Nah, kalau kaos, bahkan juga memadati lima kamar termasuk gudang di dalam rumah.
Kini, seiring berlalunya waktu, kaos-kaos itu pun berpindah tangan. Karena kaos-kaos itu dipesan di tempat sablonnya memang untuk dibagikan.
Terutama agar masyarakat mengenal gambar di kaos itu lalu saat pemilihan umum mencoblos gambar itu.
Rumah besar itu, kini memang lebih sering sepinya dibanding ramai.
Padahal, sebelumnya selalu ramai. Maklum, sang pemilik rumah mencalon menjadi wakil rakyat.
Tak tanggung-tanggung, bukan wakil rakyat di daerah. Tapi di pusat. Calon independen.
Tak punya kendaraan partai. Gagahnya, Nang Ayu Ibrahim nantinya menyandang gelar senator kalau di Amerika sana. Atau Dewan Perwakilan Daerah kalau di negeri ini.
Upaya mencari dukungan memang bukan hanya melalui kaos.
“Banyak yang saya lakukan. Juga banyak yang saya janjikan, dan saya yakin akan saya penuhi kalau saya terpilih. Itu harus nyambung ke masyarakat,” ujar Nang Ayu Ibrahim beberapa waktu lalu kepada tim suksesnya.
Sebagai pengusaha pempek sekaligus mantan pejabat, Nang Ayu sesungguhnya telah sukses.
Tapi akankah, kesuksesan itu bisa diraihnya dalam perebutan kursi parlemen. Waktu lah yang dapat memberikan jaminan.
“Kita harus yakin. Kalau kita tidak yakin, bagaimana pemilih akan yakin,” tegas Nang Ayu kepada keluarganya juga.
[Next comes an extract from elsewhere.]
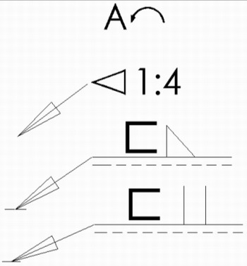 有兩種基本的方法可以實現(xiàn)自定義符號。首先,可以使用直線、圓、圓弧、三角繪圖命令來繪制所需的符號,例如:斜度符號“∠”為三端點為(0,0)(1,1)(1,0)的兩交角直線,命令為A,LINE .0,.0,1.,1.和A,LINE .0,.0,1.,.0。不過很遺憾,因為使用這些命令所繪的符號線型均為細線,只能滿足部分特殊要求,您如果不嫌麻煩,可以將一條粗線用多條間距很近的細線代替,也能實現(xiàn)粗線的效果。其次,可以使用TEXT命令實現(xiàn)各種有線型要求的符號。基本原理為首先使用Windows自帶的True Type 造字程序(圖1所示)繪制自定義符號,粗線筆畫要粗,保存后退出。隨后依次選擇“附件→系統(tǒng)工具→字符映射表(圖2所示)”就可以看見你剛才繪制的符號,選中它后復制,將其粘貼到符號庫定義文件中的自定義符號的TEXT命令的字符位置,完成后保存為Gtol.sym。再次啟動SolidWorks,你自定義的符號就會出現(xiàn)在備選框中(圖3所示)。選自定義符號插入工程圖后打印,直到滿意為止。以后你就能自由使用你定義的符號了。圖4是筆者自定義的幾個符號插入工程圖的效果。
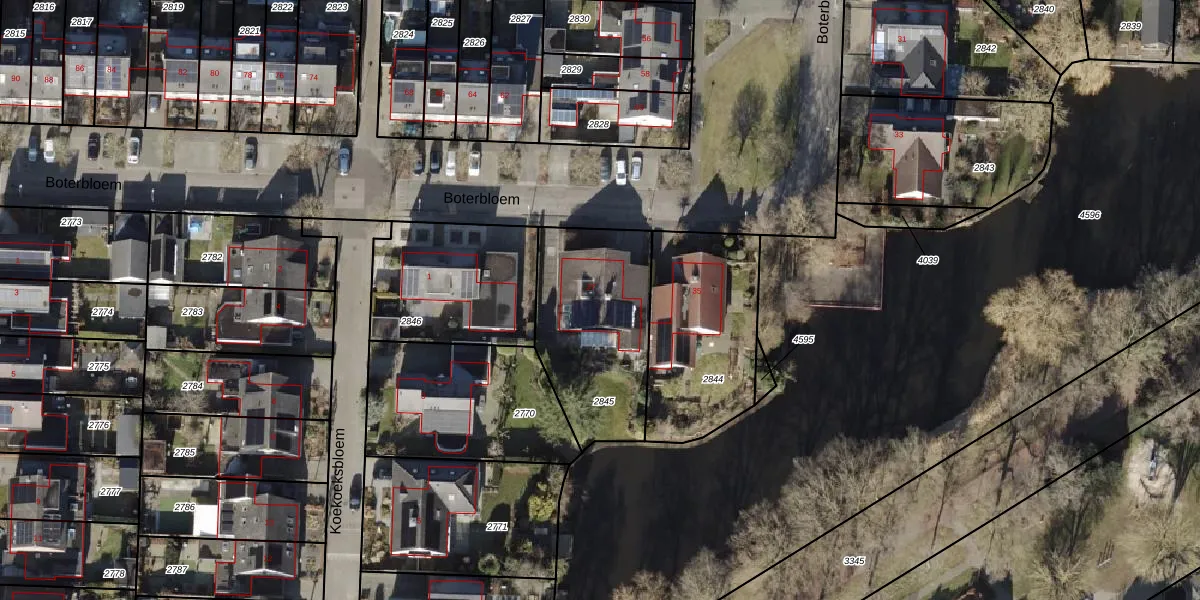 Het perceel waarop Boterbloem 37 staat heeft een oppervlakte van 615 m². Dit is een groot perceel. De perceeloppervlakte wordt geregistreerd door het Kadaster. Gedetailleerde informatie over de maten van dit perceel kunt u vinden in het rapport Kadastrale kaart met maatvoering van Boterbloem 37.

Semua keluarga dan kerabat juga menjadi tim sukses internal yang bekerja sama dengan tim sukses eksternal yang bakal menggiring Nang Ayu ke ibukota.
Sehingga, kalau terpilih bukan lagi level provinsi yang dimainkan. Tapi sudah level negara.
“Bukan tak mungkin, usaha pempek Palembang kita juga bisa mengembangkan sayap ke seluruh persada,” ujar istri Nang Ayu, Jeng Sri yang kelahiran Jawa dan tamatan universitas.